Organizations are much more sophisticated at mixing and matching multiple models to optimize across both performance and cost. OpenAI, Google, and Anthropic took dominant overall market share in our survey while Meta and Mistral were popular among open source options.
Procurement now mirrors traditional software buying—with more rigorous evaluations, hosting considerations, and benchmark scrutiny—while increasingly complex AI workflows are driving higher switching costs.
Meanwhile, the AI app landscape has matured: off-the-shelf solutions are eclipsing custom builds and rewarding AI-native third party applications.

To give founders a more nuanced look at what’s top of mind for enterprise buyers today, we’ll dig into these shifts in resourcing, models, procurement, and application usage below.

Budgets: AI spend blew past high expectations and is here to stay

1. Budgets are bigger than expected with no signs of slowing down

LLM budgets have grown ahead of enterprises’ (already high) expectations from a year ago, and there are no signs of this slowing down. Enterprise leaders expect an average of ~75% growth over the next year. As one CIO noted, “what I spent in 2023 I now spend in a week.”

Spend growth is driven partially by enterprises discovering more relevant internal use cases and increasing employee adoption.
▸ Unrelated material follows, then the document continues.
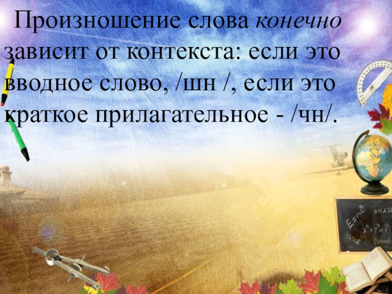 Слайд 4Произношение слова конечно зависит от контекста: если это вводное слово, /шн

On top of this, we’re beginning to see more customer-facing use cases—especially for tech-forward companies—that have the potential to drive exponential spend growth. One large technology company said, “we’ve been mostly focused on internal use cases so far, but this year we’re focused on customer-facing gen AI where spend will be significantly larger.”

2. Gen AI spend graduates to permanent budget lines

Last year, innovation budgets still made up a quarter of LLM spending; this has now dropped to just 7%. Enterprises are increasingly paying for AI models and apps via centralized IT and business unit budgets, reflecting the growing sentiment that gen AI is no longer experimental but essential to business operations. One CTO noted that, “more of our products are adding AI enablement, so our spending growth will rise across all of these products”—suggesting this shift toward core budgets will only accelerate.
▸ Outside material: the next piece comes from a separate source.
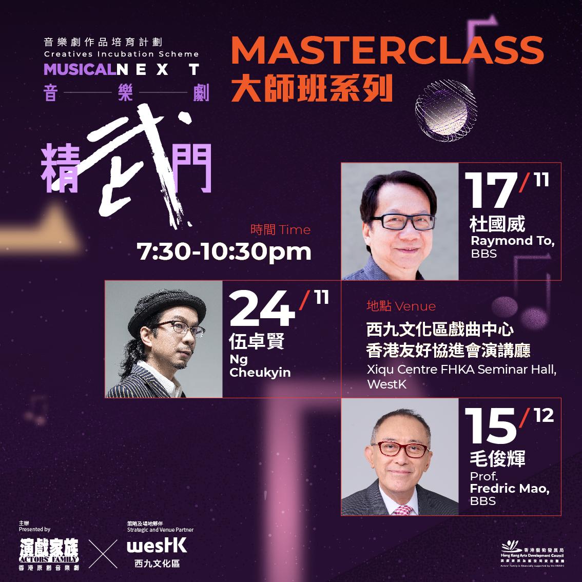 劇團演戲家族,與西九文化區合辦的「音樂劇精武門」,請來3位文化戲劇界泰斗,包括編劇的杜國威、作曲的伍卓賢,以及導演的毛俊輝,開辦3場大師班講座,跟業內人士及公眾,分享音樂劇的創作心得,以及美學藝術鑑賞的角度。

Models: three leaders emerging as differentiated performance by use case drives more model diversification

3. The multi-model world is here to stay and model differentiation—not commoditization—is the key driver

With several highly capable LLMs now available, it’s become the norm to have multiple models deployed in production use cases. While one reason for this is certainly to avoid vendor lock-in, model differentiation by use case has become increasingly pronounced and is the main reason enterprises buy models from multiple vendors. In this year’s survey, 37% of respondents are now using 5 or more models as opposed to 29% last year.
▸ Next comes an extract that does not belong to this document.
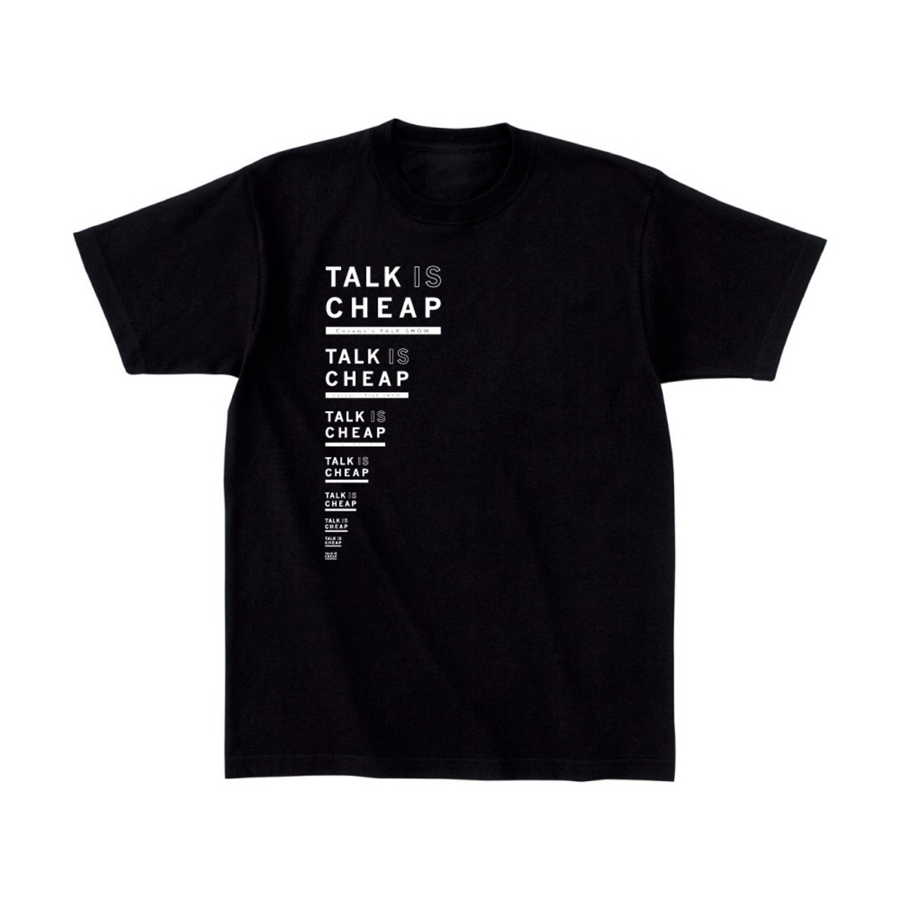ビートメイカー、エンジニアのCosaquのトーク力に焦点を当てたイベント”TALK IS CHEAP"のオフィシャルTee。デザインは大阪北摂の発のクリエイト結社”IKIFUN WORKS"が担当。無口なあなたも急に喋り出す。

While in some cases models appear to have comparable scores on general purpose evaluations, it’s clear that the enterprise model layer has not become commoditized. It’s well known, for instance, that Anthropic’s models excel in coding-related tasks, but there’s more nuance to this claim. Within coding, some users report that Claude performs better for fine-grained code completion, while Gemini is stronger in higher-level system design and architecture. In other domains, such as text-based applications, one customer observed that “Anthropic is a bit better at writing tasks—language fluency, content generation, brainstorming—while OpenAI models are better for more complex question-answering.” These differences have made it best practice to use multiple models, and we expect this strategy will continue as customers build applications for performance and keep an eye towards remaining vendor agnostic.

4. Model landscape is crowded but clear leadership is emerging

While enterprises continued to use different models across both experimental and production use cases as explored above, a few players took the lead on overall adoption: OpenAI maintained overall market share leadership, while Google and Anthropic made considerable strides over the last year. Market share differed somewhat by scale of the enterprise, with more open source adoption occurring at the larger end of enterprises where on-prem is still a major consideration.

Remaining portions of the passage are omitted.